Internal-combustion adjective (Machinery) Designating, or pertaining to, any engine (called an Internal-combustion engine ) in which the heat or pressure energy necessary to produce motion is developed in the engine cylinder, as by the explosion of a gas, and not in a separate chamber, as in a steam-engine boiler. The gas used may be a fixed gas, or one derived from alcohol, ether, gasoline (petrol), naphtha, oil (petroleum), etc. There are three main classes: (1) gas engines proper, using fixed gases, as coal, blast-furnace, or producer gas; (2) engines using the vapor of a volatile fluid, as the typical gasoline (petrol) engine ; (3) oil engines , using either an atomized spray or the vapor (produced by heat) of a comparatively heavy oil, as petroleum or kerosene.

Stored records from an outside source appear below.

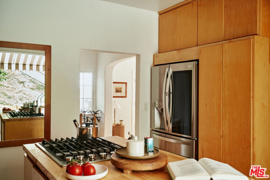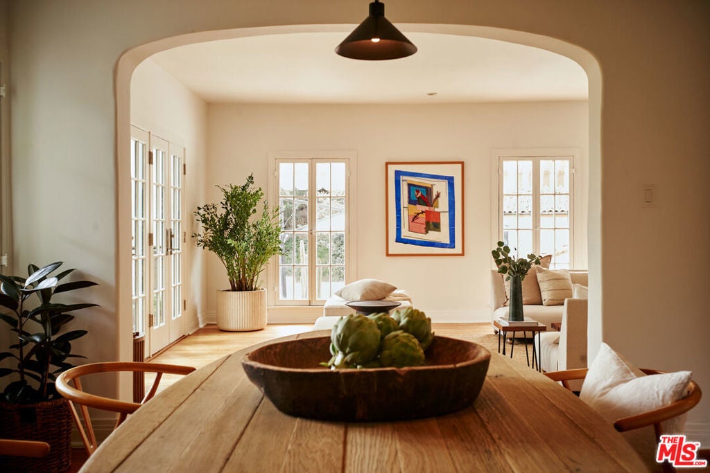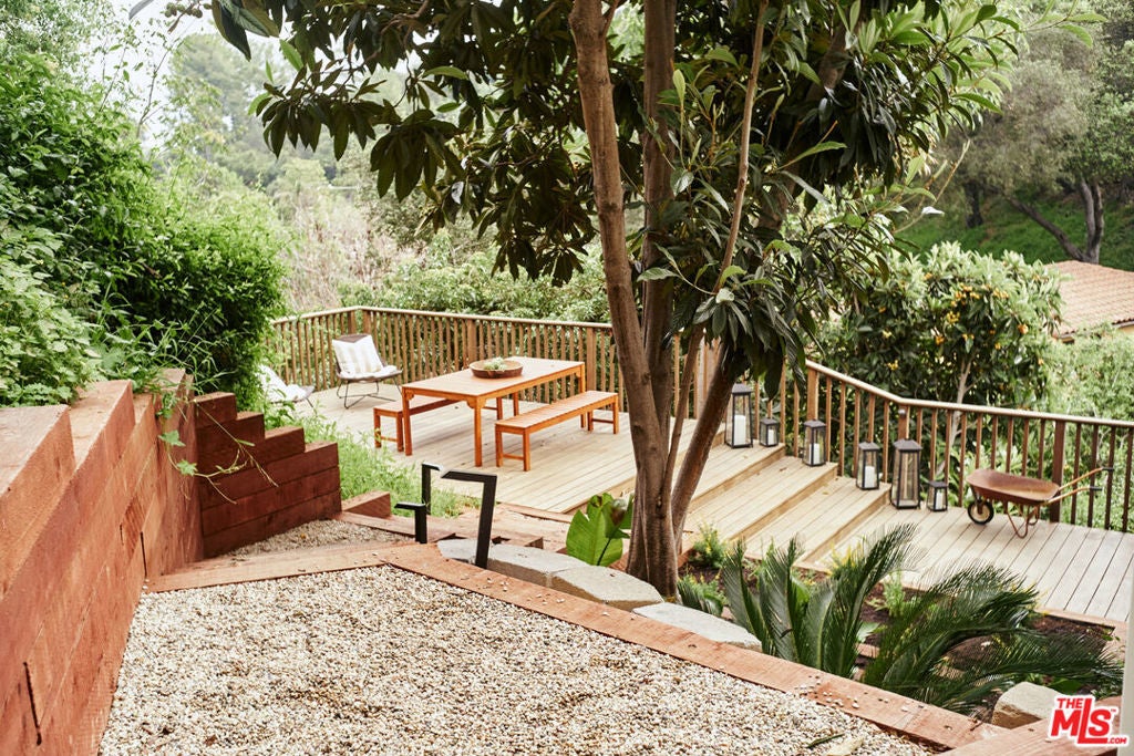 Reminiscent of a Mediterranean hillside retreat, this rare 1924 villa in South Pasadena pairs canyon vistas and terraced gardens with the relaxed elegance of California indoor-outdoor living. Set on an expansive 15,324 sq ft lot, the property is surrounded by lush greenery. Approaching the front door, you're greeted by a large clay-tiled patio with sweeping canyon views extending all the way to the San Gabriel Mountains. Upon entry, an airy living room-complete with a working fireplace-fills with natural light from a collection of original swinging windows. A pair of double French doors leads to a spacious wooden deck, perfect for entertaining. Continue into the full-size dining room and through a well-appointed kitchen, where another set of double French doors opens to a charming outdoor dining and BBQ garden. At the rear of the property is a large, pebbled, level yard ideal for a playground, garden retreat, or private fitness space. The indoor-outdoor flow of this terraced, multi-level home is truly unique, evoking the feeling of a Mediterranean hillside escape. Nearly every room enjoys direct outdoor access, and each window frames surrounding plant life. Upstairs are two bedrooms and a full bathroom. Just off the main bedroom is an additional room that would make an excellent office, nursery, or reading room. Below the main house, above the two-car garage, is a completely remodeled 280-square-foot third bedroom, in-law suite, or studio with a full bathroom and its own private entrance. Since acquiring the home in 2024, the current owners have thoughtfully restored the property to honor its rich original character and period details while integrating modern systems and amenities. Major improvements include updated plumbing, sewer, and electrical systems; foundation work; a new roof and HVAC; tankless water heater; refinished original oak floors; and high-quality kitchen appliances. All just moments away from the charming heart of South Pasadena, with its beloved cafes, bistros, farmers market, boutique shops, parks, library, and award-winning schools.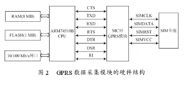 电能流量测量设备有两种工作方式:一是按事先设定好的时间间隔,周期性地采集用户数据,实时地传送到数据库服务器;二是实时地响应来自于通信服务器的控制命令,按照控制命令进行特定的数据采集任务。这就要求作为数据传输模块和终端设备控制模块的GPRS终端能够实时地解析、处理各种控制命令并向数据传输服务提供尽可能大的吞吐率。另外考虑到系统的可扩展性,本系统硬件设计时没有采用传统的低成本但是高开发费用且性能、功能受限制的单片机加GPRS通讯模块的方案,而是使用了以高性能嵌入式CPU芯片为核心的设计方案。GPRS数据传输终端的硬件组成和连接如图2所示。CPU采用了专为网络解决方案设计的SamsungARM74510B。GPRS模块采用目前比较流行的西门子MC35系列模块。
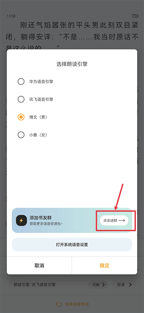 要是对现在的听书语音不太满意,不妨加入书友群来获取更多的语音资源包。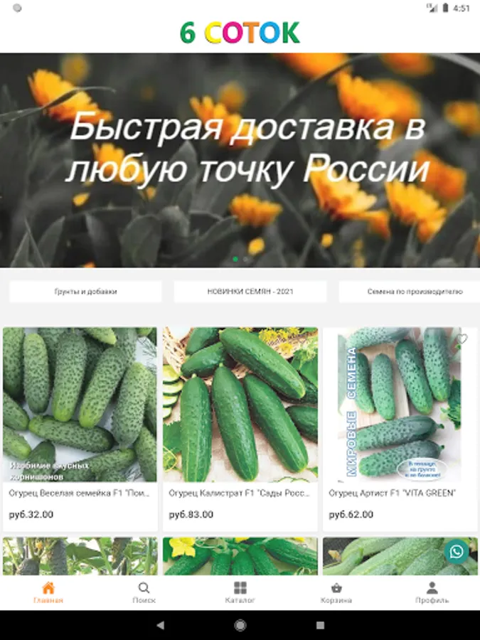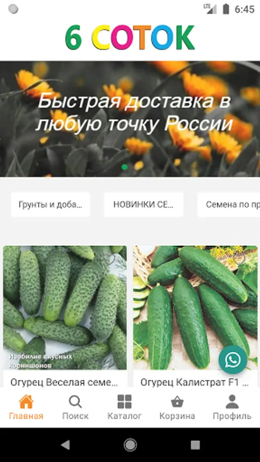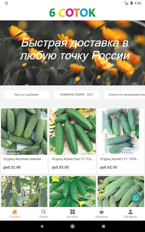 The online seed store "6 SOTOK" offers seeds of vegetable, berry and flower crops. Also, you can always buy fertilizers, plant protection products and other goods necessary for every gardener and gardener.

In all of these the gas is mixed with a definite amount of air, the charge is composed in the cylinder and is then exploded either by a flame of gas ( flame ignition -- now little used), by a hot tube ( tube ignition ) or the like, by an electric spark ( electric ignition , the usual method is gasoline engines, or by the heat of compression, as in the Diesel engine. Gas and oil engines are chiefly of the stationary type. Gasoline engines are largely used for automobile vehicles, boats, etc. Most internal- combustion engines use the Otto (four-stroke) cycle, though many use the two-stroke cycle. They are almost universally trunk engines and single-acting. Because of the intense heat produced by the frequent explosions, the cylinders must be cooled by a water jacket ( water-cooled ) or by air currents ( air cooled ) to give the maximum thermodynamic efficiency and to avoid excessive friction or seizing.

Internality noun The state of being internal or within; interiority.

Internally adverb
1. Inwardly; within the enveloping surface, or the boundary of a thing; within the body; beneath the surface.

2. Hence: Mentally; spiritually. Jer. Taylor.

Internasal adjective (Anat.) Between the nasal cavities; as, the internasal cartilage.

International adjective [ Prefix inter- + national : confer French international .]


1. Between or among nations; pertaining to the intercourse of nations; participated in by two or more nations; common to, or affecting, two or more nations.

2. Of or concerning the association called the International.

International code (Nautical) , a common system of signaling adopted by nearly all maritime nations, whereby communication may be had between vessels at sea. -- International copyright . See under Copyright . -- International law , the rules regulating the mutual intercourse of nations. International law is mainly the product of the conditions from time to time of international intercourse, being drawn from diplomatic discussion, textbooks, proof of usage, and from recitals in treaties. It is called public when treating of the relations of sovereign powers, and private when of the relations of persons of different nationalities. International law is now, by the better opinion, part of the common law of the land. Confer Conflict of laws , under Conflict . Wharton.

International noun [ Confer French internationale .]


1. The International; an abbreviated from of the title of the International Workingmen's Association, the name of an association, formed in London in 1864, which has for object the promotion of the interests of the industrial classes of all nations.

2. A member of the International Association.